Benchmark#
This notebook evaluates the performance of tstore to read, write and store irregular geospatial time series data by comparing it to xvec (v0.3.0) and its two recommended storage formats, namely netCDF and Zarr.
To that end, we will download meteorological observations from the Automated Surface/Weather Observing Systems (ASOS/AWOS) program, which comprises more than 900 automated weather stations in the United States. More precisely, we will combine the 1-minute ASOS data with the ASOS Global METAR archive maintaned by the Iowa Environmental Mesonet (IEM), which features more weather stations but at a much coarser temporal resolution (~20 minutes). We will use the meteora package to fetch the data.
[ ]:
import os
import time
from datetime import datetime, timedelta
from os import path
import contextily as cx
import matplotlib.pyplot as plt
import pandas as pd
import seaborn as sns
import tqdm
import xarray as xr
import xvec # noqa: F401
from meteora.clients import iem
import tstore
figwidth, figheight = plt.rcParams["figure.figsize"]

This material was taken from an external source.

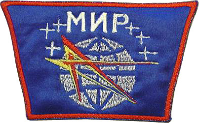 Mir patch as seen in the mission Soyuz TM-2

def plot_stations(client, ax=None, source=cx.providers.CartoDB.Voyager, **plot_kws):
"""Plot stations with a contextily basemap."""
_plot_kws = plot_kws.copy()
if ax is None:
try:
ax = _plot_kws.pop("ax")
except KeyError:
_, ax = plt.subplots()
client.stations_gdf.plot(ax=ax, **_plot_kws)

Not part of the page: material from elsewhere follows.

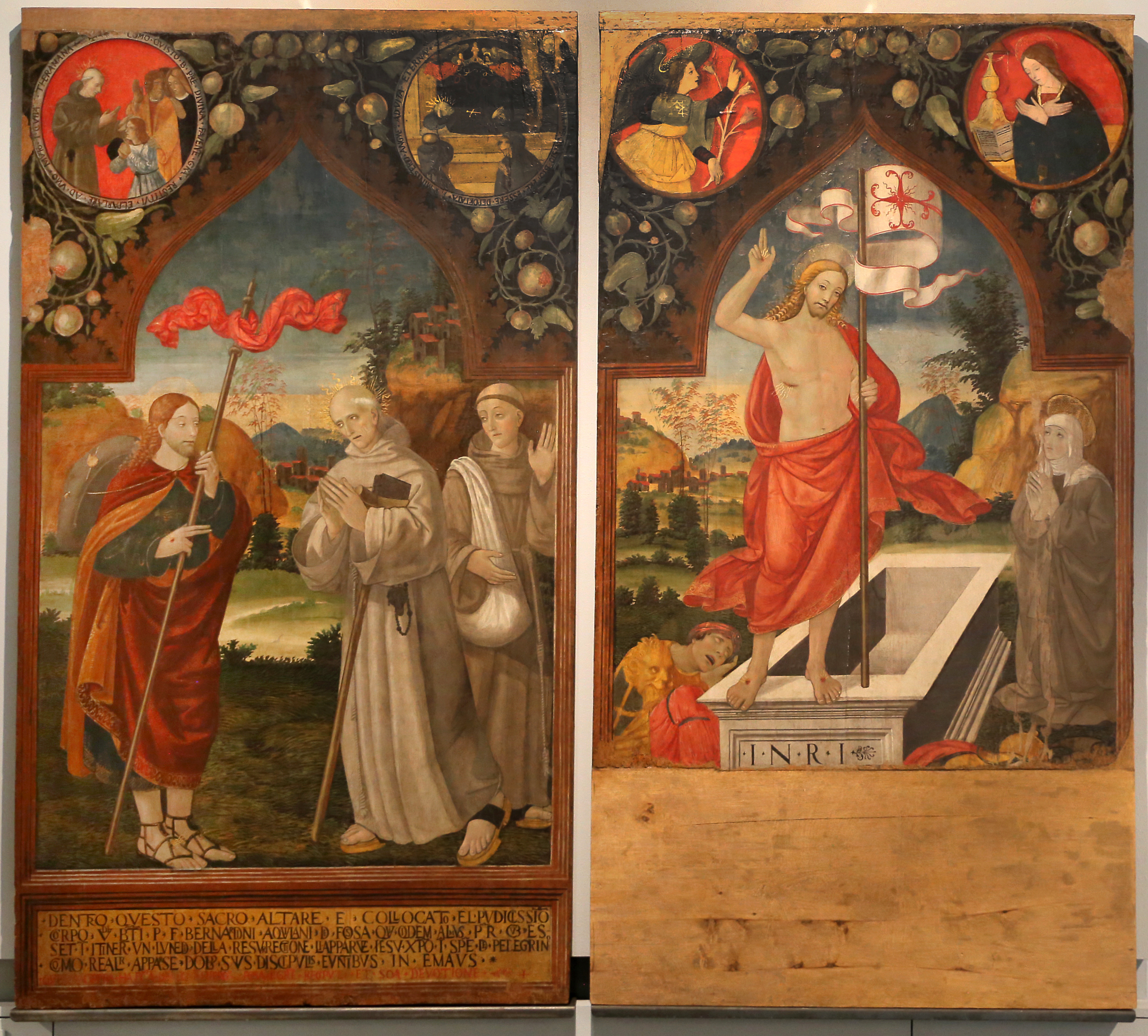 Beato Bernardino da Fossa and Resurrection by Francesco da Montereale

cx.add_basemap(ax, crs=client.stations_gdf.crs, source=source)
return ax
def get_tstore_filepaths(base_dir):
"""Get filepaths of tstore files in a directory."""
return [
path.join(dp, f) for dp, dn, filenames in os.walk(base_dir) for f in filenames
]
We will only consider the ASOS stations located within the state of Colorado, and we will download the temperature, pressure, precipitation and wind speed data (see the meteostations-geopy variable notation) for the 2021-2023 period (inclusive).
[ ]:
region = "Colorado"
variables = ["temperature", "pressure", "precipitation", "surface_wind_speed"]
year_end = 2023
num_years = 3
Get stations locations#
Let us start by plotting the ASOS 1 minute and METAR/ASOS stations’ locations:
[ ]:
metar_asos_client = iem.METARASOSIEMClient(region)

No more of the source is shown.